Moonpig shuts down mobile apps after 3m accounts exposed

Moonpig, the service that lets you send personalised greetings cards, has shut down its mobile apps after uncovering a security flaw.

The vulnerability means that every single account – that amounts to around 3 million – has been at risk of exposure to hackers.

The flaw exposed all information like users’ full names, dates of birth, e-mail addresses, home addresses, as well as expiry dates and the last four digits of credit and debit cards.

A spokesperson from Moonpig got back to us about the issues, and said the following: “We are aware of the claims made this morning rgarding the security of customer data within our apps. We can assure our customers that all password and payment information is and has always been safe.”

“The security of your shopping experience at Moonpig is extremely important to us and we are investigating the detail behind today’s report as a priority.”

“As a precaution, our apps will be unavailable for a time whilst we conduct these investigations and we will work to resume a normal service as soon as possible. The desktop and mobile websites are unaffected.”

Paul Price, an app developer, was behind the discovery, and wrote in a blog post: “I’ve seen some half-arsed security measures in my time but this just takes the biscuit.”

“Whoever architected this system needs to be waterboarded,” continued Price. “There’s no authentication at all and you can pass in any customer ID to impersonate them.”
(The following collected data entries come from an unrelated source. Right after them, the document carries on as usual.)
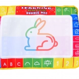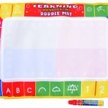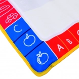 A fun and educational water drawing mat for children that uses only water – no mess or stains. Includes a magic water pen; drawings disappear on their own after drying and the mat can be used repeatedly. The colorful border with pictures, letters, and numbers supports learning and creativity, while the large 32 × 18 cm drawing area offers plenty of space for imagination.
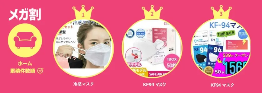ホームカテゴリーでは、1位から3位をマスクが占めました。メガ割のお得な時期にこそ、消耗品の日用雑貨を購入する方が多く、なかでも今や必須アイテムとして生活に手放せなくなったマスクを大量買いしたようです。
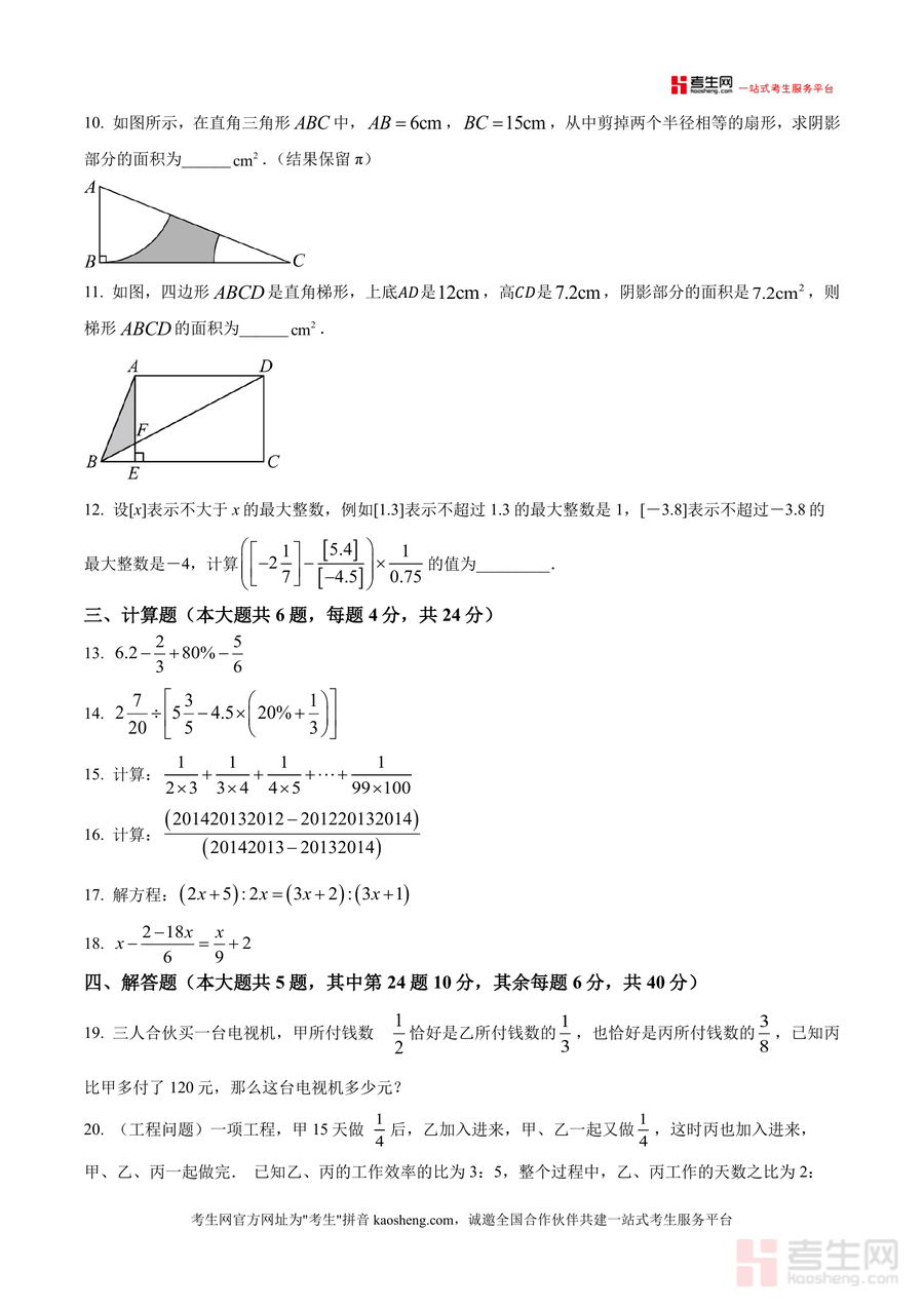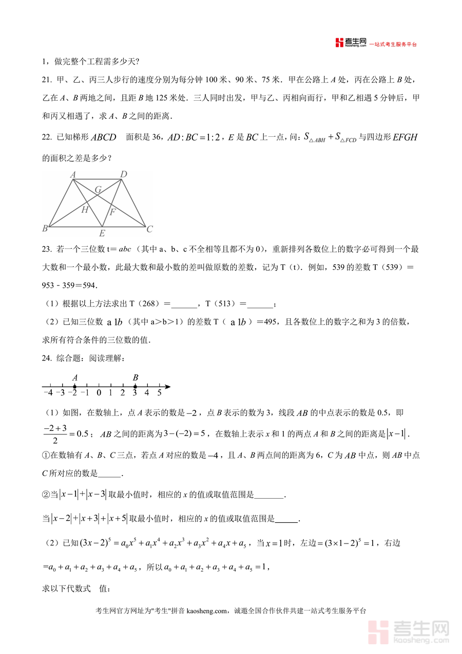 《精品解析:重庆市第十八中学2024-2025学年七年级上学期定时作业(一)数学试题(原卷版)》是一份针对初一上学期数学阶段性学习的优质备考资料,聚焦代数基础、几何初步及实际应用三大核心模块。试题涵盖选择题、填空题、计算题及解答题四大题型,内容包括相反数概念辨析、一元一次方程求解、梯形与扇形面积计算、工程与行程应用题等知识点,全面贴合重庆十八中教学进度与考查重点。其特色在于题型设置梯度合理,既包含基础概念题(如零是非负整数判断),也有综合性较强的压轴题(如差数T(t)定义及应用),能有效反映学生阶段性知识掌握情况。
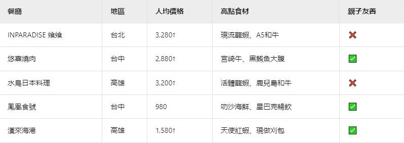 亮點:從高雄紅到台北的Buffet霸主,海鮮吧供應現剖生蠔與阿根廷天使紅蝦。親子亮點:互動棉花糖車與「迷你刈包DIY區」。價格:1,580元/人(午間)/ 1,880元/人(晚間)四、訂位攻略與促銷情報
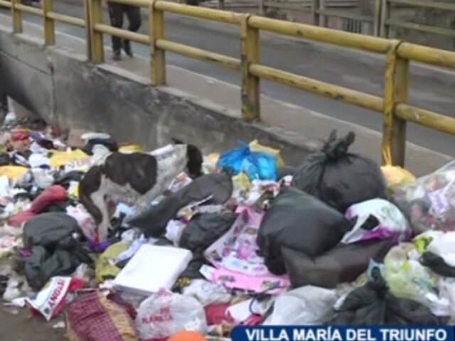 Vecinos de la cuadra 6 de la avenida Unión en Villa María del Triunfotienen que soportar a diario el mal olor que genera la basura acumulada en las faldas del puente peatonal Micaela Bastidas que conecta al Metro de Lima.
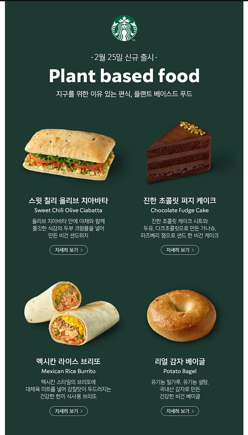 스타벅스가 국내 리워드 회원을 대상으로 조사한 결과 커피와 함께 식사 대용 또는 간식으로 선택할 수 있는 식물성 푸드에 대한 고객의 수요가 높게 나타나 반영했다고 합니다.

He added: “An attacker could easily place orders on other customers’ accounts, add/retrieve card information, view saved addresses, view orders and much more.”

Related: Sony CEO Kazuo Hirai calls Sony Pictures hack a ‘vicious cyber attack’

Price alleges he warned Moonpig about the exploit initially back on August 18 2013, but by September 2014 the vulnerability still hadn’t been fixed.

He then contacted Moonpig again, only to be told that the flaw would be patched ‘after Christmas’.

“17 months is more than enough time to fix an issue like this,” said price. “It appears customer privacy is not a priority to Moonpig.”